In seguito Prévert elaborò per il noto regista Jean Renoir la sceneggiatura di Le crime de Monsieur Lange (Il delitto del signor Lange).

Fra il 1961 e il 1968 lavorò per la televisione, collaborando attivamente con il fratello Pierre.

Nel 1947 Jacques Prévert aveva sposato Janine Tricotet, che gli diede la figlia Michelle. Nel 1948 lo scrittore subì un grave incidente, precipitando misteriosamente da una finestra degli uffici della radio e rimanendo in coma per diverse settimane: questo trauma richiese una convalescenza di alcuni anni. Nell’ultimo periodo della sua esistenza si dedicò – oltre che alla scrittura poetica – alla composizione di collage, che espose in una mostra e che furono pubblicati in Guazzabuglio (Fatras), e si concentrò nella scrittura dei due saggi L’universo di Klee (L’universe de Klee) e Juan Mirò.

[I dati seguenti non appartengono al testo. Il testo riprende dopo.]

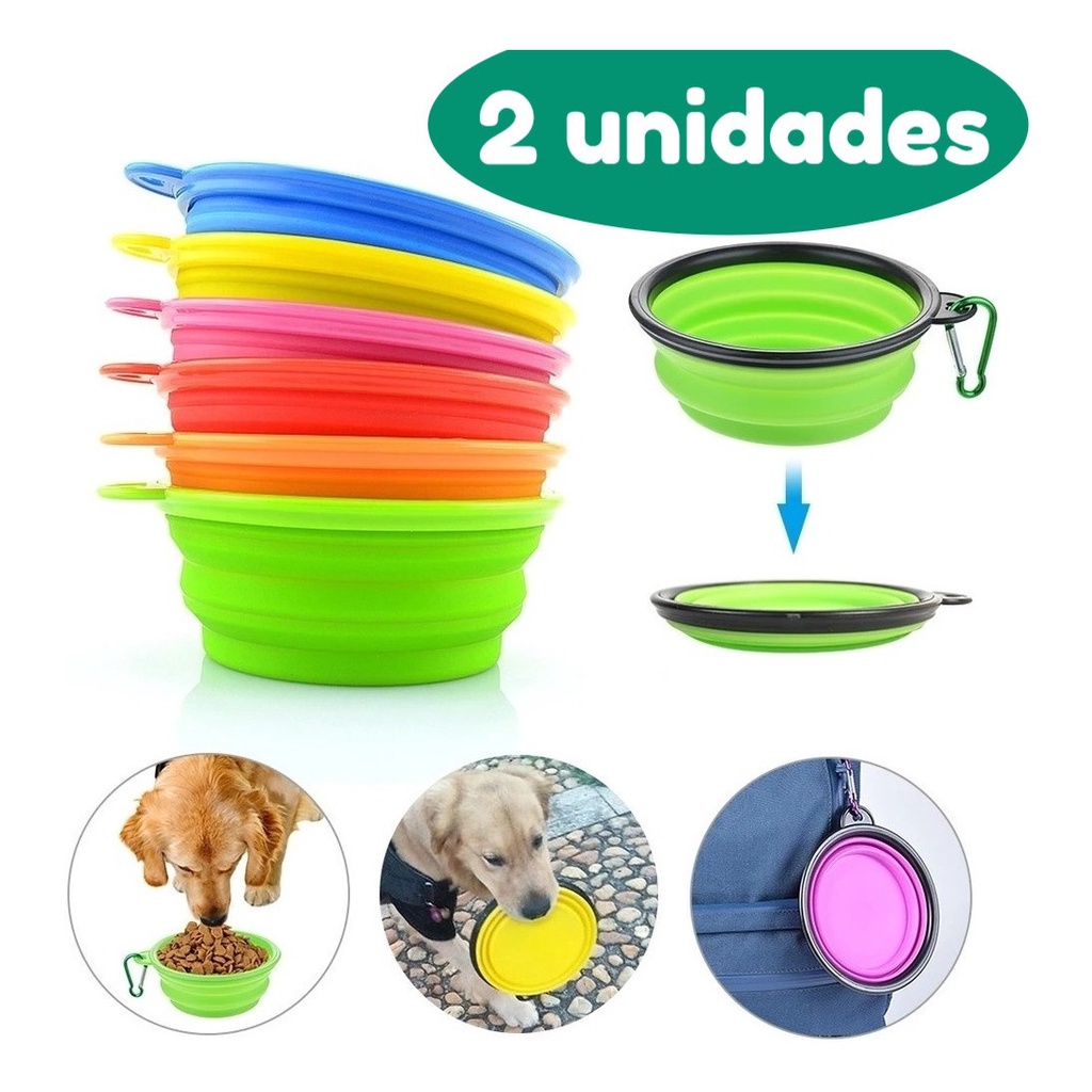 Kit Comedouro Pote Retrátil Bebedouro Portátil Pet 2 Unidades

Distrutto da un cancro al polmone, morì a Omonville–la–Petite l’11 aprile del 1977 dopo lunghi anni di sofferenze, confortato dall’amore appassionato del suo pubblico e dall’affetto di pochi e affezionati amici (Yves Montand, Juliette Greco, Raymond Queneau, Joseph Losey e Serge Reggiani). In base ai dati di un recente sondaggio popolare, Prévert è stato nominato «scrittore del secolo» ed è stato preferito a grandi autori francesi del calibro di Albert Camus (1913–1960), premio Nobel nel 1957, o di Marcel Proust (1871–1922).

2 commenti:

  1. Perché non mettete anche la poesia in francese?.....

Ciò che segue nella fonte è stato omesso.